Segment Start: PROVIDED MATERIAL

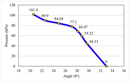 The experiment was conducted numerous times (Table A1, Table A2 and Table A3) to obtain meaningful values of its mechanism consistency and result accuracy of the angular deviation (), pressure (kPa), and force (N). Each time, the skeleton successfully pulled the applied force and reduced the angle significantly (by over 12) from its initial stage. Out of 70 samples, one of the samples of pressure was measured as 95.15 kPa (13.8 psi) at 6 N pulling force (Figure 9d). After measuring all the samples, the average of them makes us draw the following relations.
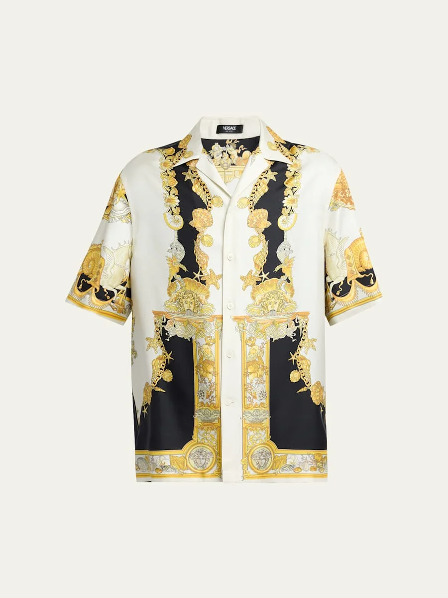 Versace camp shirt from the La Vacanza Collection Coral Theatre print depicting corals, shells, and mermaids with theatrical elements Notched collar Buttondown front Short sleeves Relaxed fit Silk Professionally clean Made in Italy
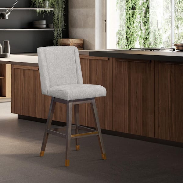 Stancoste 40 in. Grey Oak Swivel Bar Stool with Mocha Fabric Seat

Segment End: PROVIDED MATERIAL
Segment Start: PROVIDED MATERIAL

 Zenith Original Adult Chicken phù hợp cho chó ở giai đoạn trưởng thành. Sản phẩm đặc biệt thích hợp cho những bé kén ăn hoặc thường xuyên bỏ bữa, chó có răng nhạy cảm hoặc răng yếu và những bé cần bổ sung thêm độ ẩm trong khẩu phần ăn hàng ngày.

Segment End: PROVIDED MATERIAL

**ACTION ITEM:**
Reproduce, word for word, everything in the listing above from the line containing "Versace camp shirt" down to the line containing "Stancoste 40 in.", both of them included. No pictures.

**RESPONSE FOR THIS EXERCISE:**
 Versace camp shirt from the La Vacanza Collection Coral Theatre print depicting corals, shells, and mermaids with theatrical elements Notched collar Buttondown front Short sleeves Relaxed fit Silk Professionally clean Made in Italy
 Stancoste 40 in. Grey Oak Swivel Bar Stool with Mocha Fabric Seat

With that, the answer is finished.